Our suite of sustainable and impact investing solutions can help you invest in the momentum of this changing world with investments that incorporate sustainability analysis alongside traditional financial analysis to identify opportunities and potentially mitigate risks that could affect a company’s profitability. And if you’re looking to align your investments to your personal sustainability and impact preferences while pursuing competitive returns, we can help you do that too.
The Chief Investment Office due diligence team evaluates sustainable strategies and narrows down investments to those with a high probability of meeting or outperforming objectives.
Our Chief Investment Office due diligence process
The same investment standards as traditional investments, along with a second screen, are applied to sustainable investments to help ensure the competitiveness of the strategy and depth of ESG (Environmental, Social & Governance) integration.
- Quantitative review: We look at historical performance and risk compared to the market for an unbiased, numbers-based evaluation of each investment manager.
- Qualitative review: We go beyond numbers to look at investment manager credentials, investment processes and risk management approaches with the goal of identifying the best-in-class practitioners.

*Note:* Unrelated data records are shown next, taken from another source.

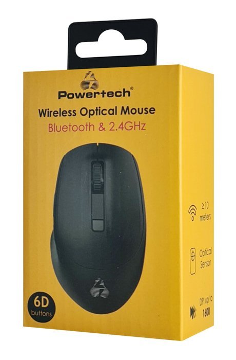 POWERTECH ασύρματο ποντίκι PT-1164, 2.4GHz & Bluetooth, 1600DPI, μαύρο
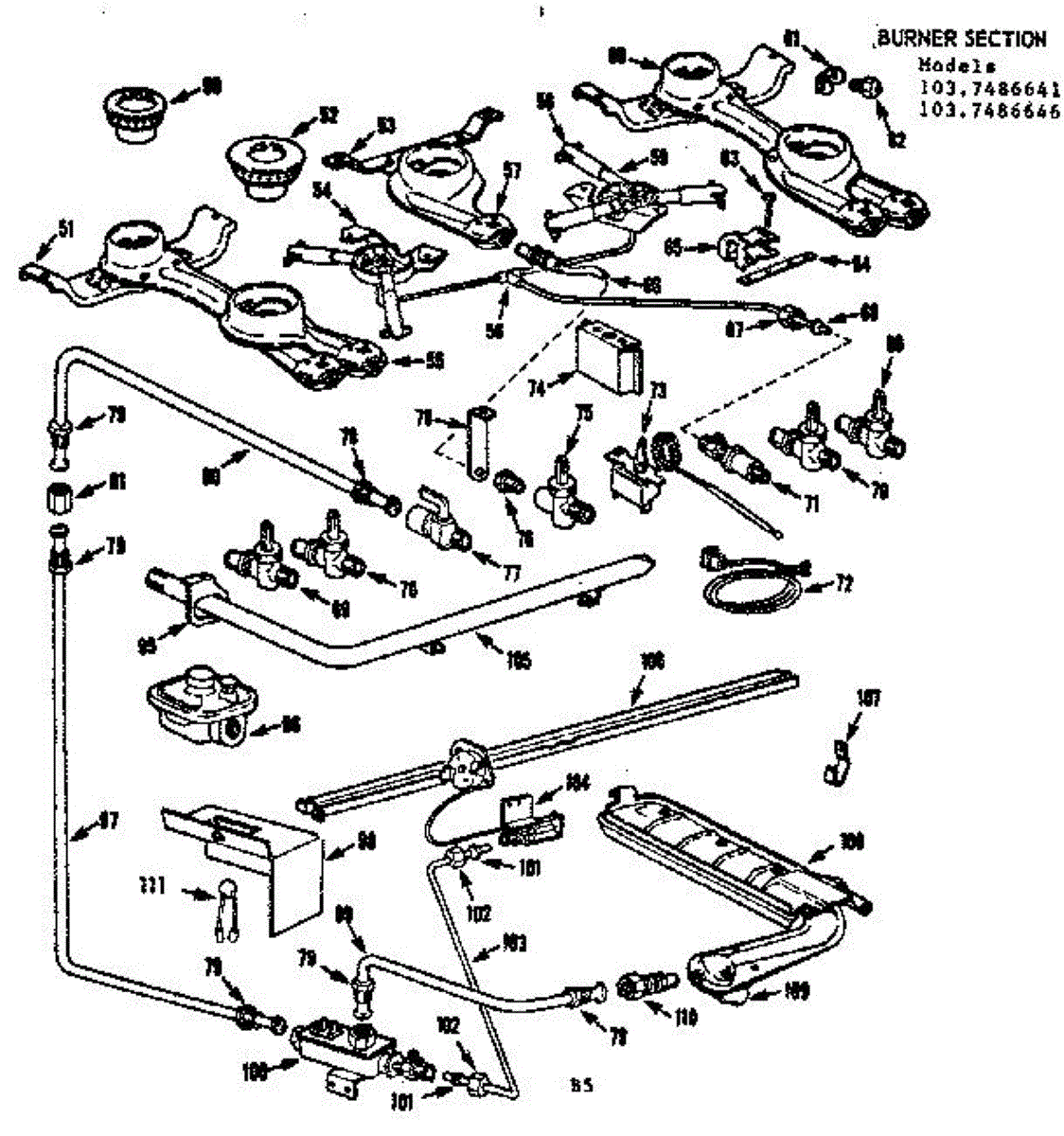 Parts for Kenmore 103.7486641 (1037486641, 103 7486641): Burner Section Parts
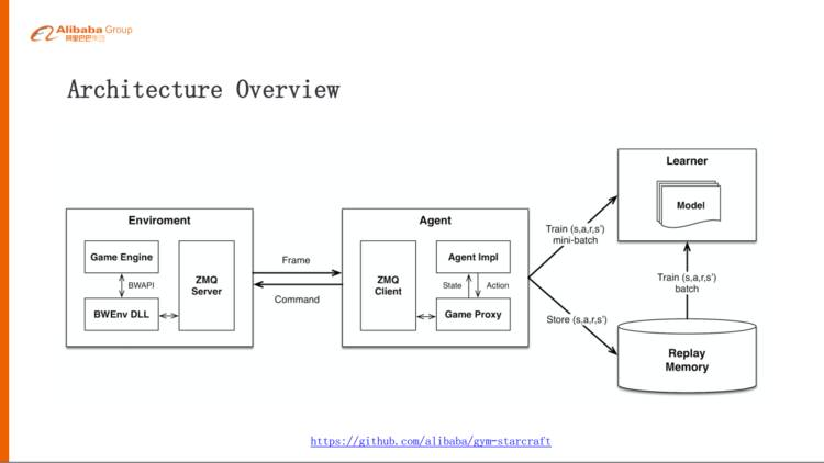 左边是Environment,其实就是《星际争霸》这个游戏,包括引擎,还有里面的DLL,DLL基于BWEnv,这是一个官方认可的DLL。基于这个BWEnv DLL把内部的状态、指令封装起来,其实这就是一个Server;
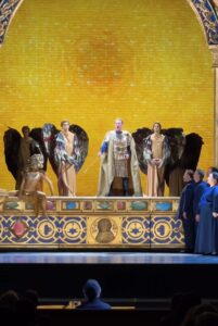 Un aspetto fondamentale di questa produzione è stata la scenografia curata da Massimo Checchetto. Si è ispirato alle architetture bizantine della basilica di San Marco e ha creato un ambiente visivamente accattivante ma anche simbolico.
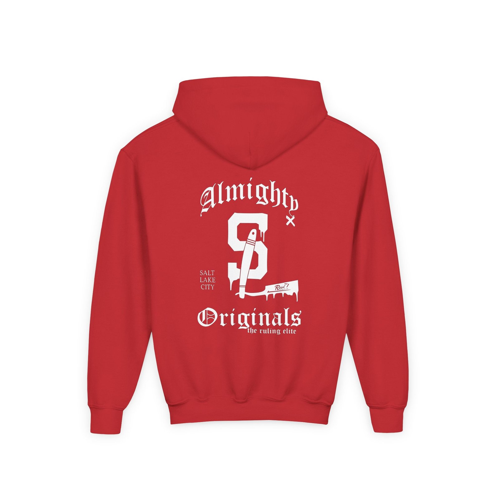 Soft, comfy, and a little bit mischievous — this youth Almighty Originals Collab hoodie brings bright, playful energy to everyday wear. A drippy gradient smiley sits on the chest in neon orange-to-pink, framed by bold lettering that gives the design attitude without shouting. The midweight fabric holds its shape and keeps kids cozy through playground runs, chilly school mornings, and weekend hangouts. Thoughtful details like a roomy kangaroo pocket and twill neck tape make it durable and comfortable, while print and embroidery options let you add a custom touch. It’s the kind of hoodie that becomes a go-to for active days and casual adventures.
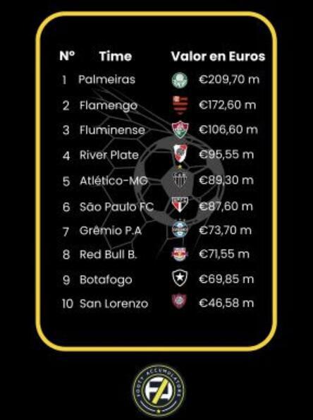 O Footy Accumulators, site especializado em bônus de inscrição e premiações de apostas esportivas, fez uma análise da avaliação de mercado dos principais clubes da Copa Libertadores bem como a avaliação global das principais competições de clubes do mundo.
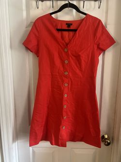 Ann Taylor Dress Bright red Size 4 Linen Cotton Blend Full Button Comfy Casual $25Franklinton, NC

- Rigorous governance & oversight: A final, ongoing evaluation is conducted by multiple oversight committees — helping identify the highest-conviction strategies to offer our clients.

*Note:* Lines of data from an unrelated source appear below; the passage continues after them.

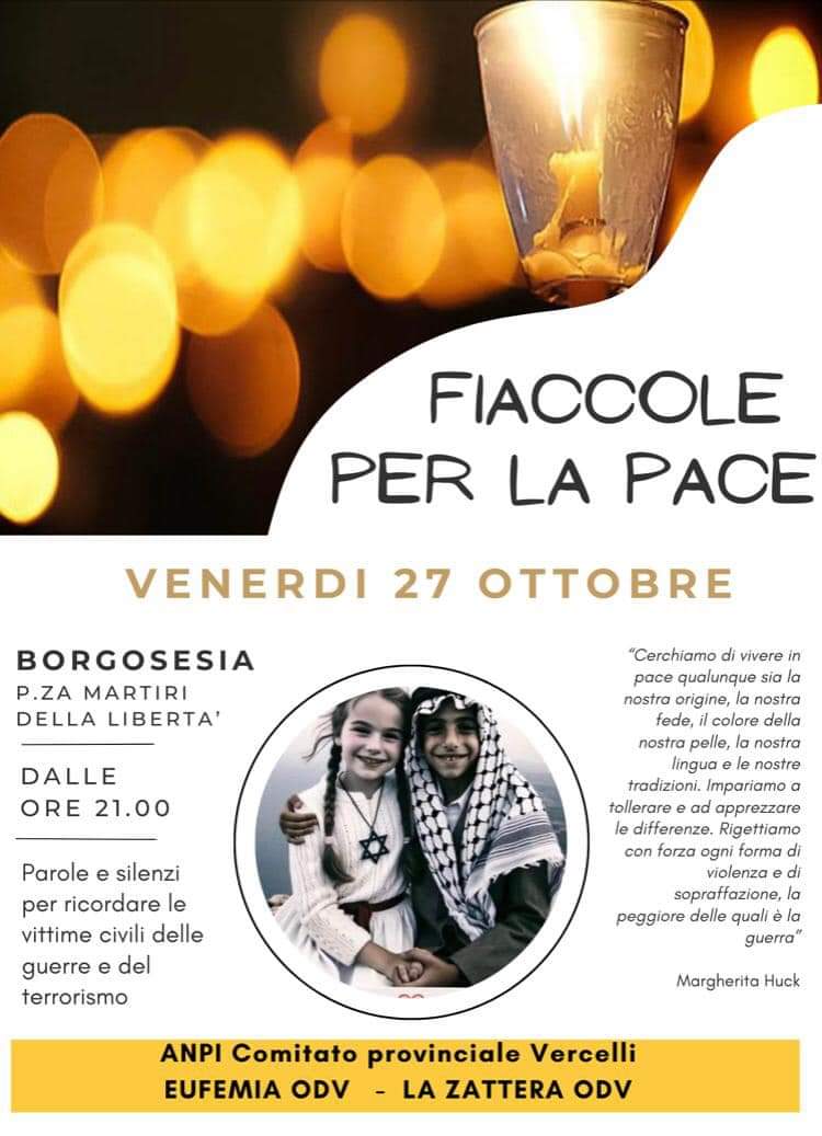 Orrore chiama altro orrore. Così è stato è così sarà. Dunque la strada resta una sola: “Riprendere per mano la pace”. Ieri l’Anpi, dopo aver promosso insieme a oltre 100 associazioni con capofila la Cgil, la grandiosa iniziativa nazionale dello scorso 7 ottobre scorso e da mesi decine e decine di locali, l’ha invocata nel capoluogo emilianoromagnolo con una partecipatissima fiaccolata e un lungo striscione “Bologna cammina per la pace” insieme a cittadini, rappresentanti delle istituzioni locali, esponenti del mondo ecclesiale. A Milano un gigantesco striscione della pace ha campeggiato alla mobilitazione organizzata insieme alla Camera del Lavoro, Emergency, Acli, Casa della Carità. A Brescia una formidabile rete ha detto No al terrorismo e alla guerra, ai crimini contro l’umanità, chiedendo pacifica convivenza e sicurezza dei popoli.
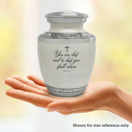 Select Dust to Dust Sharing Urn - Radiant White to create a personal memorial that is a step larger than a keepsake urn but more petite than a full size urn. Bold, attractive colors offer sharp contrast with the engraved text and detailed artwork.
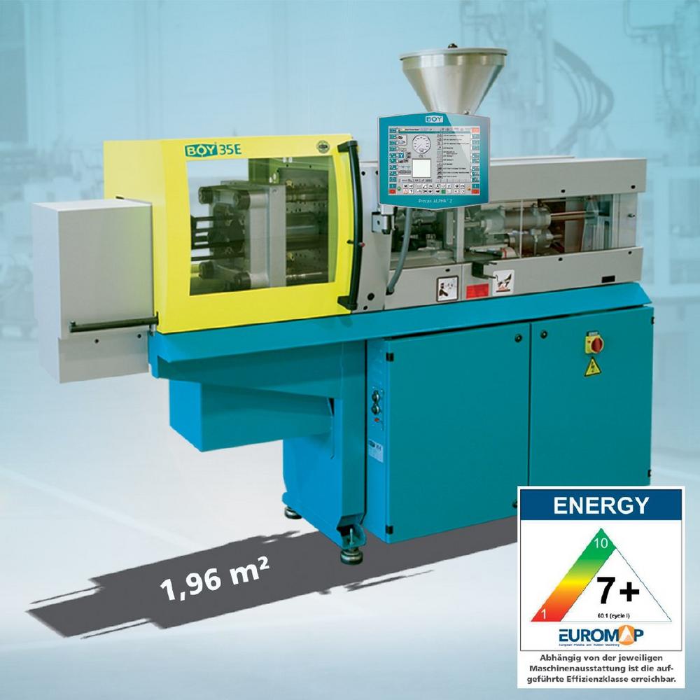 Der vollhydraulische Schneckenkolben-Spritzgießautomat mit Zwei-Platten-Schließeinheit, ausschwenkbarer Spritzeinheit und energieeffizientem Servo-Antrieb verfügt nachweislich über geringste Maschinenstundensätze. Ausgestattet mit der optional erhältlichen EconPlast-Plastifiziereinheit reduziert sich der Energieverbrauch einer BOY 35 E deutlich. Ausgezeichnet mit der  Effizienzklassifizierung 7+ gemäß Euromap 60.1 (Energieverbrauch nur 0,49 kWh/ kg Materialdurchsatz), behauptet die BOY 35 E einen unerreichten Spitzenplatz in ihrer Schließkraftklasse.

Aligning your portfolio to your personal preferences to create positive change
Sustainable and impact investing allows you to align your investments to your personal preferences. By looking across three broad categories — People, Planet and Principles of Governance — we can help you choose investing strategies that are focused on driving positive change in the world.

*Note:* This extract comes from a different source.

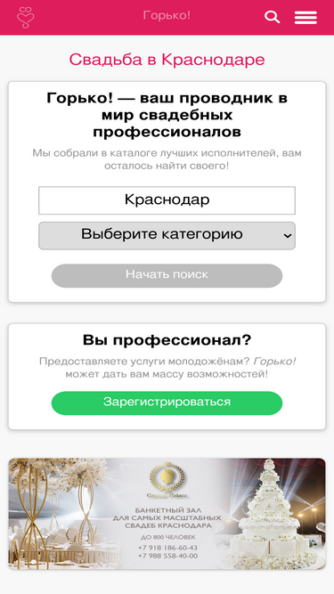 41%свадьба в краснодаре на горько.ру — большой выбор свадебных компаний и мастеров в краснодаре. актуальные цены, контакты, отзывы, портфолио работ
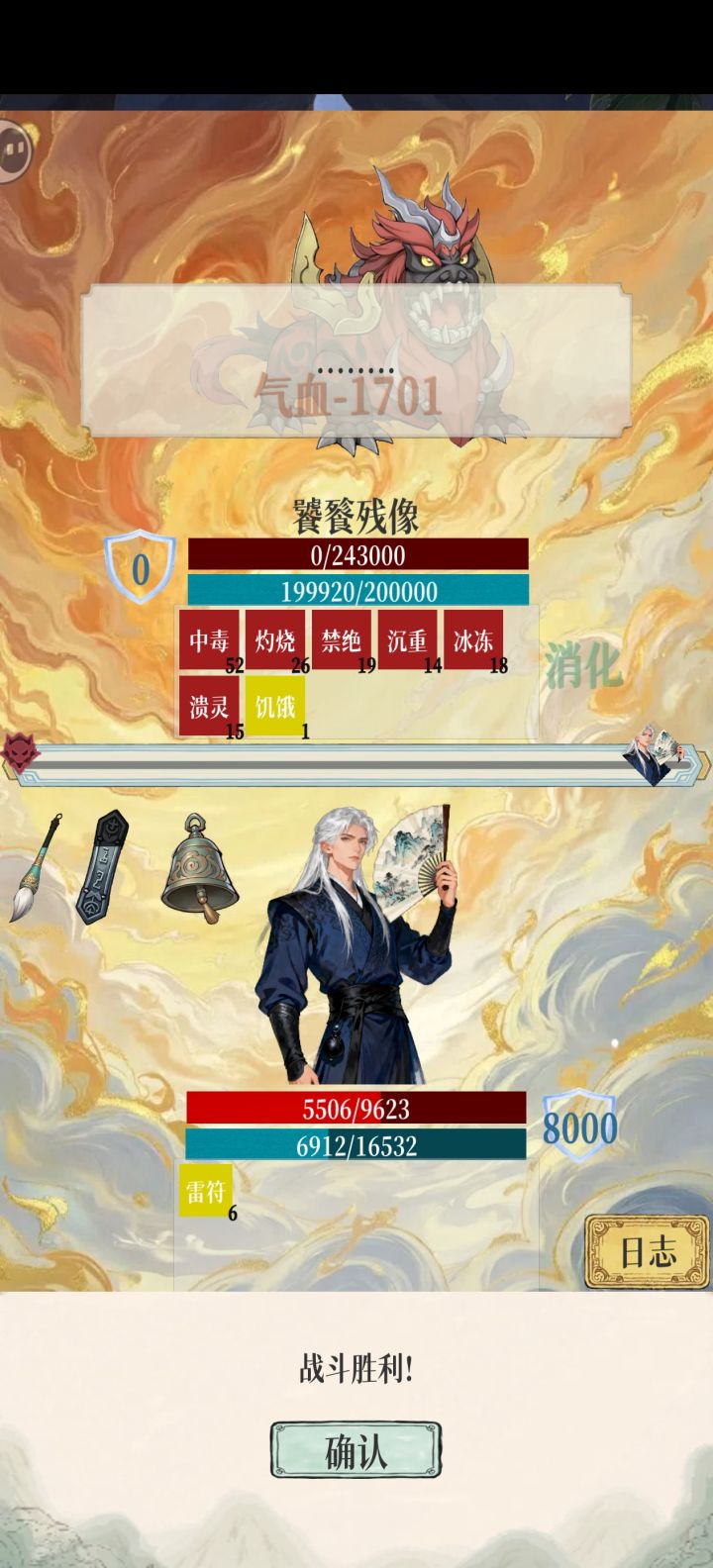 [表情_吃瓜]如果担心被秒最好带个血瓶,在混沌跟穷奇哪里喝一口。可以防止被秒,主要三分归气回扣血上限,导致从上场战斗出来是残血状态。boss技能有概率暴击,尤其是穷奇[表情_吃瓜][表情_吃瓜][表情_吃瓜] #发现好游戏

- People: Commitment to engaged and healthy workers and sustainable communities
- Planet: Contributions to climate and environmental sustainability
- Principles of Governance: Commitment to corporate ethics and societal benefit
Bank of America’s commitment to responsible growth
As one of the world’s largest financial institutions, we take a key role in building a more resilient future. Through our strategy of responsible growth, we are deploying capital towards a more sustainable economy — helping to create jobs, develop communities, foster economic mobility, and address society’s biggest challenges around the world.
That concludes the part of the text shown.